■ Problem details ■
A faithful copy of all the data is the goal; omit the pictures.

■ Information provided ■
§ §
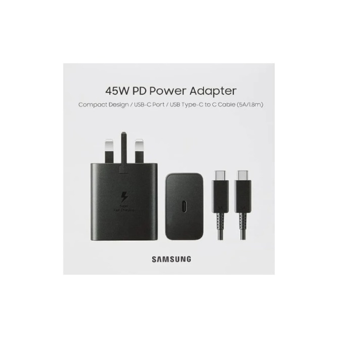 The Samsung 45W Super Fast Charging Adapter offers rapid charging for compatible Samsung devices. With USB-C PD 3.0 and PPS (Programmable Power Supply) technology, it delivers up to 45W of power, making it ideal for charging newer models like Galaxy S10 5G, Galaxy Note10, Galaxy S20 Ultra, S22 Ultra, and more. The adapter comes with a USB-C to USB-C cable and supports multiple output voltages to ensure safe and efficient charging across devices. It also features low standby power consumption, ensuring energy efficiency when not in use.
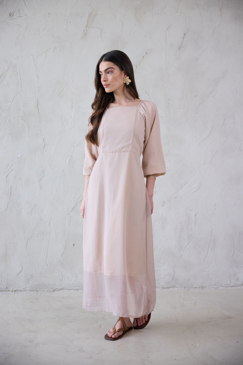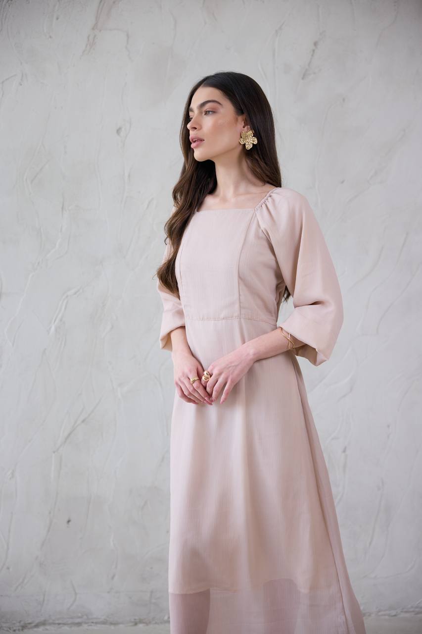 השרוול ה-3/4 עם סיומת גומי יוצר שילוב מושלם של נוחות וסגנון, ומאפשר לך תנועה חופשית ומרשימה. תחתית תפורה ומעוצבת מכסה את הברך, ונותנת לשמלה מראה שמזמין אותך לרקוד, להתנועע ולהנות מכל רגע.
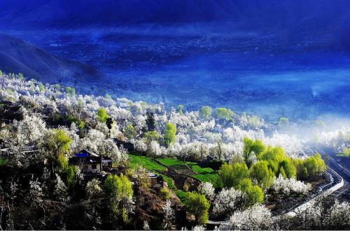 4、前往“中國雪梨之鄉(xiāng)”美譽的金川,萬物復(fù)蘇的初春三月,正值金川成千上萬棵梨樹花期,雪白色的梨花競相開放,一片片、一層層的鋪散開來,漫山遍野的白色花海中夾雜零星新綠,空氣中氤氳著梨花清香,眼是天堂,身亦是天堂。
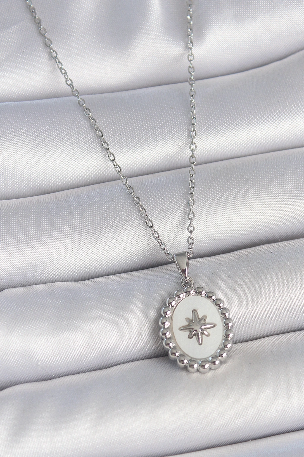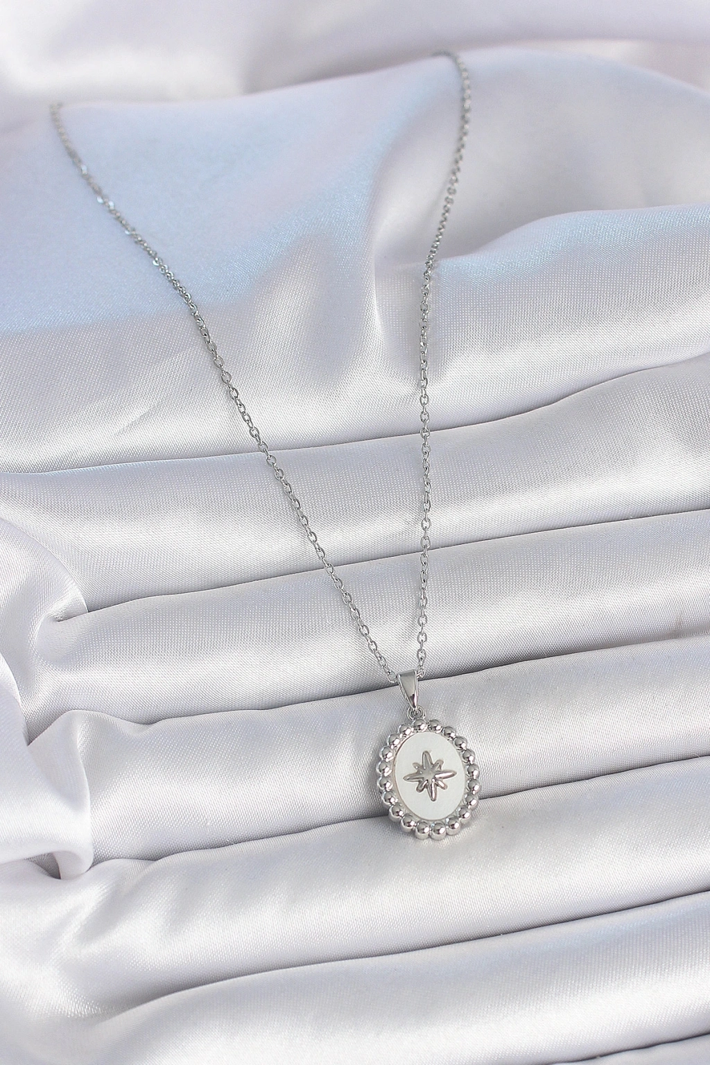 316L Çelik Gümüş Renk Zincir Beyaz Mineli Kutup Yıldız İşlemeli Madalyon Model Kadın Kolye
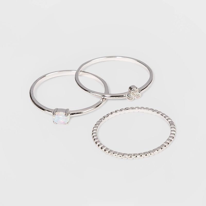 Create a look as unique as you with this Sterling Silver with Opal and Cubic Zirconia Beaded Band Stacking Ring Set from A New Day™. Crafted in a sterling silver-finished setting with studded opal and…
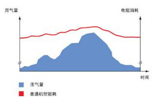 ● 在用气负荷高时压缩机加载,负荷低时压缩机卸载,由于存在空气需求量的波动,压缩机有较长时间处于卸载状态,导致能源的浪费
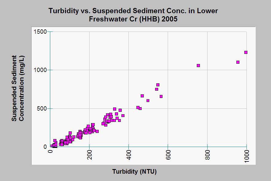 Sediment: Suspended Sed. vs. Turbidity at Lwr Freshwater Cr (HHB) 2005 |
§ §
■ Written response ■
 The Samsung 45W Super Fast Charging Adapter offers rapid charging for compatible Samsung devices. With USB-C PD 3.0 and PPS (Programmable Power Supply) technology, it delivers up to 45W of power, making it ideal for charging newer models like Galaxy S10 5G, Galaxy Note10, Galaxy S20 Ultra, S22 Ultra, and more. The adapter comes with a USB-C to USB-C cable and supports multiple output voltages to ensure safe and efficient charging across devices. It also features low standby power consumption, ensuring energy efficiency when not in use.
 השרוול ה-3/4 עם סיומת גומי יוצר שילוב מושלם של נוחות וסגנון, ומאפשר לך תנועה חופשית ומרשימה. תחתית תפורה ומעוצבת מכסה את הברך, ונותנת לשמלה מראה שמזמין אותך לרקוד, להתנועע ולהנות מכל רגע.
 4、前往“中國雪梨之鄉(xiāng)”美譽的金川,萬物復(fù)蘇的初春三月,正值金川成千上萬棵梨樹花期,雪白色的梨花競相開放,一片片、一層層的鋪散開來,漫山遍野的白色花海中夾雜零星新綠,空氣中氤氳著梨花清香,眼是天堂,身亦是天堂。
 316L Çelik Gümüş Renk Zincir Beyaz Mineli Kutup Yıldız İşlemeli Madalyon Model Kadın Kolye
 Create a look as unique as you with this Sterling Silver with Opal and Cubic Zirconia Beaded Band Stacking Ring Set from A New Day™. Crafted in a sterling silver-finished setting with studded opal and…
 ● 在用气负荷高时压缩机加载,负荷低时压缩机卸载,由于存在空气需求量的波动,压缩机有较长时间处于卸载状态,导致能源的浪费
 Sediment: Suspended Sed. vs. Turbidity at Lwr Freshwater Cr (HHB) 2005 |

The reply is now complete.